My jokes
POV: An Asian kidnapper kidnapped an Asian kid, and the kidnapper called the kid's mom. Then the mom said, "No, it's fine, my kid got a B, he failed." And the kidnapper let him go saying he doesn't need a failure.
My friend called me fat, so I challenged him to a running race.
I told my wife I needed a blood transfusion when I could not remember. She said, "Be positive too."
Bad, I am now a ghost writing this.
Once Roblox popped up in my server, be like, "Roblox, what are you doing?"
Me: "What the heck?" Me: "How did I get in your server?"
Roblox: "You've been banned for just cheating!"
My friend lives in a caravan park. His parents named him Money because they thought it was a type of currency.
Memes
One day I was at school, and this girl had the nerve. She told me to go to the back of the line. I was looking behind me, and she said, "What are you looking for?" I said, "To who [are] you talking to, boo boo?" Like, is you you my momma?
Want to hear a joke? I swear it isn't about my life again.
My mom and dad made a joke together and called it "yeetsu" (me)!
No. Eat my butt!
I have breakfast with my boys.
What’s the difference between a boomerang and my dad?
Only the boomerang came back. It’s been 14 years, where’s my dad?
I had to take my pet octopus to the vet yesterday.

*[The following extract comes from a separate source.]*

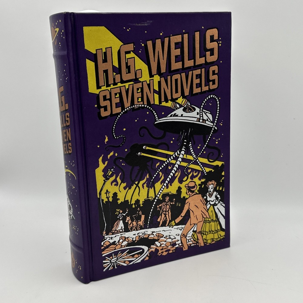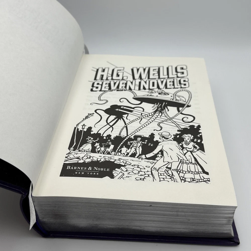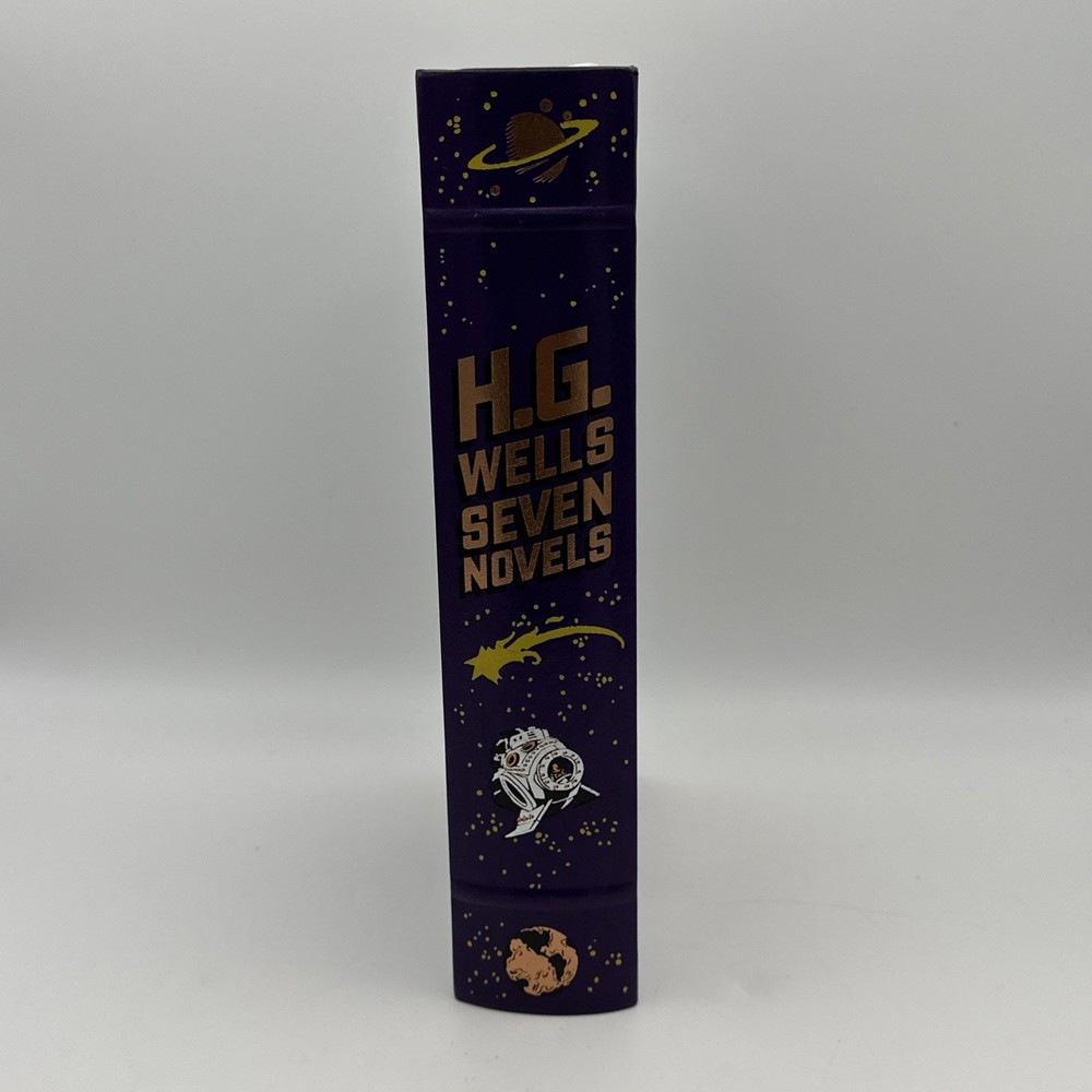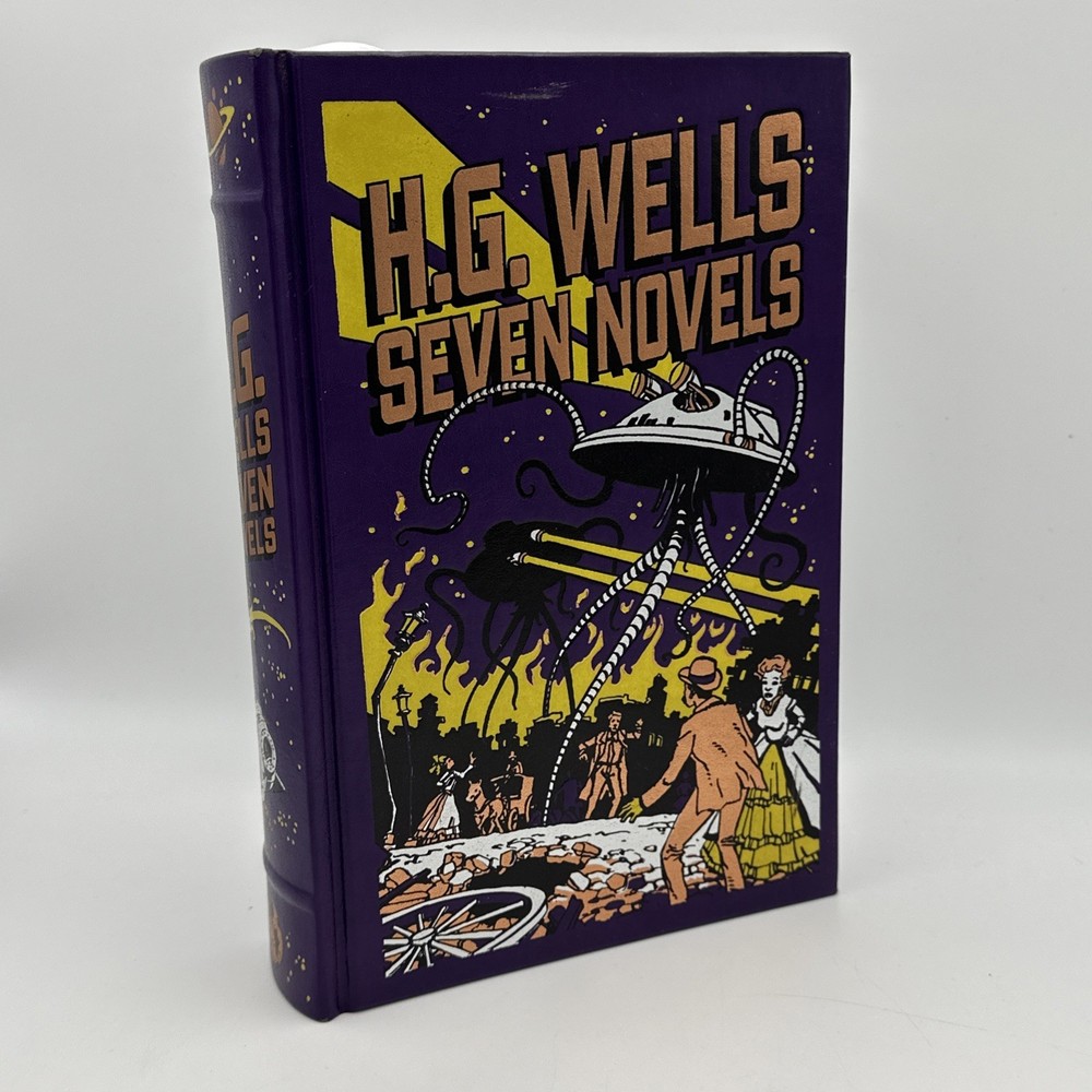 The H.G. Wells Seven Novels Barnes and Noble Exclusive 2009 Edition Hardcover is a vintage special edition of seven novels by H.G. Wells. Published by Barnes & Noble, this leather-bound collection iincludes the following novels: 1: The Time Machine 2: The Island of Dr Moreau 3: The Invisable Man 4: The war of the worlds 5: The First Men in the Moon 6: The Food of the Gods 7: In the Days of the Comet This exclusive edition, with a publication year of 2009, showcases the timeless works of H.G. Wells in a classic format, making it a valuable addition to any book collection. Condition detailed in photos; pages are very nice and appear unread. There is some wear to the cover; notably a blemish towards the top of the front cover which is shown in photos. Thanks for looking!

Oh, don’t worry, he’s okay now.
But the vet charged me six quid.
Q: What did the grandma cat say to her grandson when she saw him slouching?
A: You need to pay more attention to my pawsture.
My friend's name is Campbell, so she must love soup.
The person next to me on my flight was shocked when they found out I was Arabian. I lagged so hard my gerber almost fell out of my pocket.
I fucked the shit outta of my friend's mom with my 8 inch dick (Adrian). PS. Sorry, Adrian!
I will give you a nickel if you tickle my nickel pickle, Rick.
I am counting my fingers and get nine. Why?
Friend texting fat boy: I know you're on the group chat. I can see you looking at my texts.
Me: I can only see fat.
Yesterday, I saw an advert with a random woman dancing, and someone said that they were beautiful.
And then I said, "Except the fat people." And then I got sent to my room for saying that.
Do you want to know why I hired a protractor to tutor my nephew in IIROC? Because he has degrees. 180 of them. So he's smar[t].